| Task prompt |
Up to and including the line that holds "วันที่ 6 พฤศจิกายน", print the data exactly from its first line; do not print the pictures.

Data extracted from a collection

● ● ● ● ● ● ●

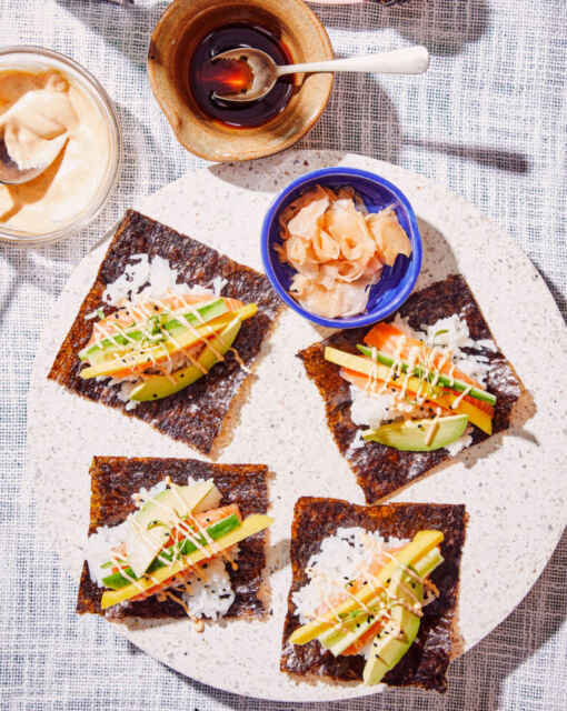 Tacos nori avec saumon, avocat, mangue et mayo épicée
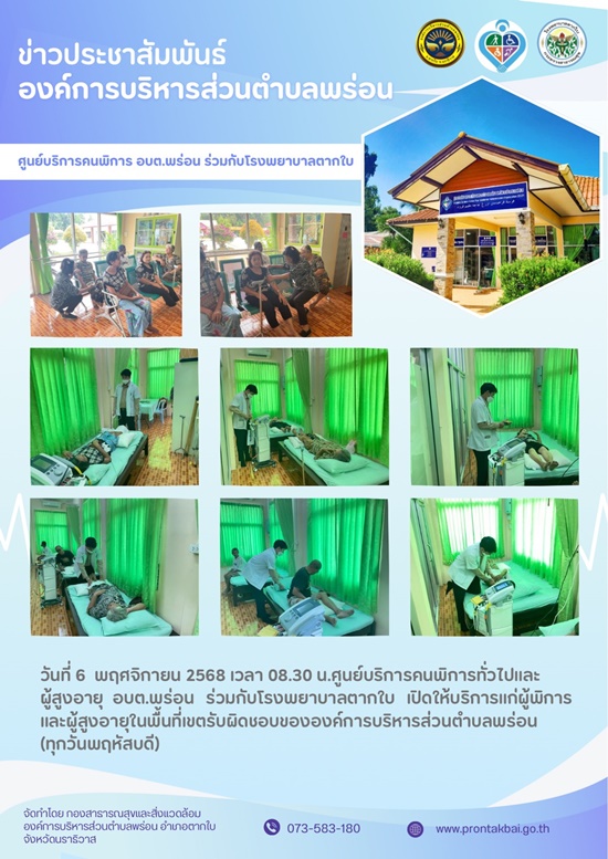 วันที่ 6 พฤศจิกายน 2568 เวลา 08.30 น.ศูนย์บริการคนพิการทั่วไปและผู้สูงอายุ อบต.พร่อน ร่วมกับโรงพยาบาลตากใบ เปิดให้บริการแก่ผู้พิการและผู้สูงอายุในพื้นที่เขตรับผิดชอบขององค์การบริหารส่วนตำบลพร่อน (ทุกวันพฤหัสบดี)
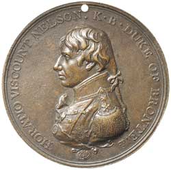 BOULTON'S TRAFALGAR MEDAL, in bronze, plain edge (48mm) by C.H.Kuchler, 19th century restrike, inscribed on reverse 'James Riley'. Holed at top for ring suspender, fine.
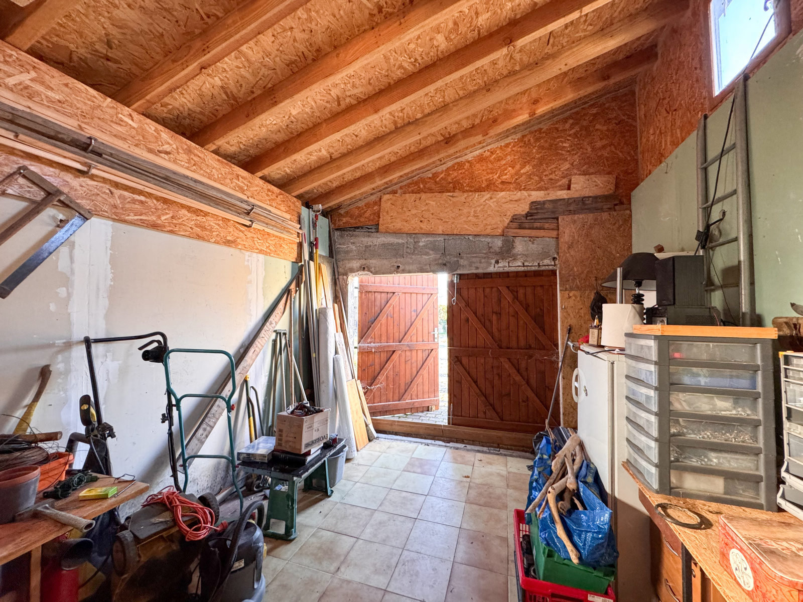 Un garage non attenant de 19,6 m² avec mezzanine de 9,2 m² offre un espace de stockage pratique ou la possibilité d’aménager un atelier ou un studio. Une petite cave de 2 m² accessible depuis l’extérieur complète ces annexes.
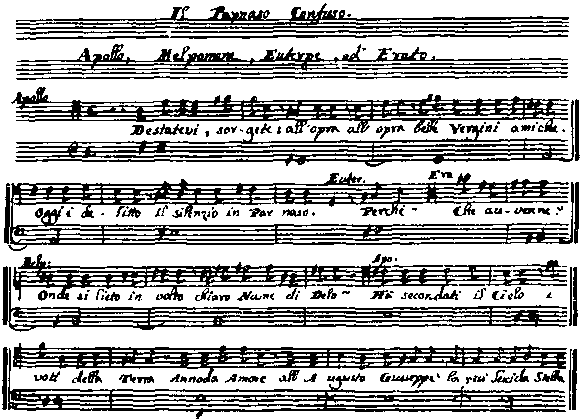 Передо мной была симфония-увертюра: две валторны, два гобоя, две скрипки, виола, чембало…Что-то очень знакомое постучалось в память. Как бывает во сне: вот-вот вспомнишь, но казалось бы, то, что стояло сейчас совсем рядом, уплывает, как облачко, из сознания все дальше, дальше. Надо отложить в сторону, бросить напрягаться, не вспоминать. Я перелистываю страницы, пока увертюра не кончилась и не показался новый титул самого действия. Перечисляются действующие лица:…Аполлон… Мельпомена… Евтерпа… Эрато… Четыре действующих лица. Речитативы — с единственной строчкой басового аккомпанемента. Потом опять оркестр и первая ария, с повторением да капо.

● ● ● ● ● ● ●

| Problem solution |
 Tacos nori avec saumon, avocat, mangue et mayo épicée
 วันที่ 6 พฤศจิกายน 2568 เวลา 08.30 น.ศูนย์บริการคนพิการทั่วไปและผู้สูงอายุ อบต.พร่อน ร่วมกับโรงพยาบาลตากใบ เปิดให้บริการแก่ผู้พิการและผู้สูงอายุในพื้นที่เขตรับผิดชอบขององค์การบริหารส่วนตำบลพร่อน (ทุกวันพฤหัสบดี)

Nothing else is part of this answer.